Given this database of patient scans and associated unlabeled nodes, we then validated the efficacy of the LNSM in defining regional nodal stations. To do this, we first ran 3D Chest-Model Computation and Station Definition on all 32 raw scans to give a total of 320 automatically defined 3D regional nodal stations. Next, the research team examined each patient scan in conjunction with the database of previously identified lymph nodes to determine if the automatically defined stations properly covered constituent lymph nodes. Armed with their knowledge of the TNM system’s anatomical criteria (e.g., Fig. 1; Table 1), the research team again worked in close collaboration and drew upon the LNSM’s visualization tools (Fig. 7) to make judgments on nodal coverage.
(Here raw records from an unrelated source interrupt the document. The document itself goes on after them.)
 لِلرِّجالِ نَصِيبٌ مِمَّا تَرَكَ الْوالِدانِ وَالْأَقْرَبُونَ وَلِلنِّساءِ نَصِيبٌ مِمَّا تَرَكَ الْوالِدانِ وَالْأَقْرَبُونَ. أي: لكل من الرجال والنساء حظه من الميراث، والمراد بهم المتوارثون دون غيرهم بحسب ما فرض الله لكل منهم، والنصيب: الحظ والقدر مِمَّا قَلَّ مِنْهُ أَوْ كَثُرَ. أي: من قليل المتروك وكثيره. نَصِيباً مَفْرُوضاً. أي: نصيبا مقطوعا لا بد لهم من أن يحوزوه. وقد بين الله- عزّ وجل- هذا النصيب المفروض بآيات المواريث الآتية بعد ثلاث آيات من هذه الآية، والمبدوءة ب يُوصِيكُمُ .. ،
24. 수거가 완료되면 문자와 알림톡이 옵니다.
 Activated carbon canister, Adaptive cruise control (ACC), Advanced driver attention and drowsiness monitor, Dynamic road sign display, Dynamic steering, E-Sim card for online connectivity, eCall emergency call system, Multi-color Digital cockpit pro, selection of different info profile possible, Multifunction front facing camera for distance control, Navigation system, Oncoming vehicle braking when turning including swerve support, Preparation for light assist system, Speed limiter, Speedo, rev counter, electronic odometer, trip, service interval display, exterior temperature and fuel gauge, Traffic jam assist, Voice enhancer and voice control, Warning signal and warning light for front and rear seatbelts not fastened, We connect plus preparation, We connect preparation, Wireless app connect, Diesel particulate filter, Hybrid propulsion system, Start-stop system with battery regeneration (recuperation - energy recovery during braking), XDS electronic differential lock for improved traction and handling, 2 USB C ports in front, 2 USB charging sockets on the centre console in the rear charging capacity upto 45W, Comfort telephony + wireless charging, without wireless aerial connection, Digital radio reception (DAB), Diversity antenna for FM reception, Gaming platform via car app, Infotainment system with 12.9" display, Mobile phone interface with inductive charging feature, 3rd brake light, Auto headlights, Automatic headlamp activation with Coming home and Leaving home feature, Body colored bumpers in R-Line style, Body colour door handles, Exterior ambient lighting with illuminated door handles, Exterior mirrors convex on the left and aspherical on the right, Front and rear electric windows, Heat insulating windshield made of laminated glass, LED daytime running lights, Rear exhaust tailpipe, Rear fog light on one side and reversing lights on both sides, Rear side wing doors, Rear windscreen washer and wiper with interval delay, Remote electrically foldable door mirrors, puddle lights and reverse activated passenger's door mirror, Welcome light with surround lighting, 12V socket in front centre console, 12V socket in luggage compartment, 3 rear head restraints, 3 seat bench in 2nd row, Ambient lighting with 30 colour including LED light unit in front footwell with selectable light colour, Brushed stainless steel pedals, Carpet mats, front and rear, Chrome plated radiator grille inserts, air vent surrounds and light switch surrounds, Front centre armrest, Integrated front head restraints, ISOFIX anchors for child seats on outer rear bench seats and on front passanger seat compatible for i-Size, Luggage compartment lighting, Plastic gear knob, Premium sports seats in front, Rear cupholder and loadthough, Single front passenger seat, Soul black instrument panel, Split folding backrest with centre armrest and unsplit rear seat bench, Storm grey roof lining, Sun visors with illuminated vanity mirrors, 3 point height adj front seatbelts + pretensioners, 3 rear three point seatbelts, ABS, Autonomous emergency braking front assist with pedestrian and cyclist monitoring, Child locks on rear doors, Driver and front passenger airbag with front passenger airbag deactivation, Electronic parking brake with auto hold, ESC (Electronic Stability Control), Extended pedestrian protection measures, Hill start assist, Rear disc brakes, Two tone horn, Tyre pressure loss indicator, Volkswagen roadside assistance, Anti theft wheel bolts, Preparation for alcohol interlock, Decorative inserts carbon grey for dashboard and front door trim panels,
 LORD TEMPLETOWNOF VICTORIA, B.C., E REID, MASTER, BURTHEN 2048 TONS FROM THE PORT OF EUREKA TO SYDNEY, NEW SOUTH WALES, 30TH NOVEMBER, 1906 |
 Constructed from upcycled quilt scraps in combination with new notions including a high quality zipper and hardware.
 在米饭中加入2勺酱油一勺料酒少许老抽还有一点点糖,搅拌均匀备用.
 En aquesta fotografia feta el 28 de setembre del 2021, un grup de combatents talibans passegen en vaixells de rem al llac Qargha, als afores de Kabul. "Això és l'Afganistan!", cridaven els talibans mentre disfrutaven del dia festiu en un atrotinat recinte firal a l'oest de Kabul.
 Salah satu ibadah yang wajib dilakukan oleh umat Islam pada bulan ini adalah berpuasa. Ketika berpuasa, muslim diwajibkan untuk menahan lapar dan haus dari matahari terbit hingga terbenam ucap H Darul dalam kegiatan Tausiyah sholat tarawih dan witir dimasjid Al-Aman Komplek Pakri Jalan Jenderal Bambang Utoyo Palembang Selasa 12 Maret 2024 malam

Note that the LNSM’s automatic analysis has no connection to the previously identified lymph nodes. Hence, there is no “system training” per se to run the automatic analysis. Furthermore, as discussed in Sect. 2.1, the methods employed by 3D Chest-Model Computation were built previously and independent of this study. Finally, the automatically defined landmarks depend strictly on anatomy and hence are independent of the data.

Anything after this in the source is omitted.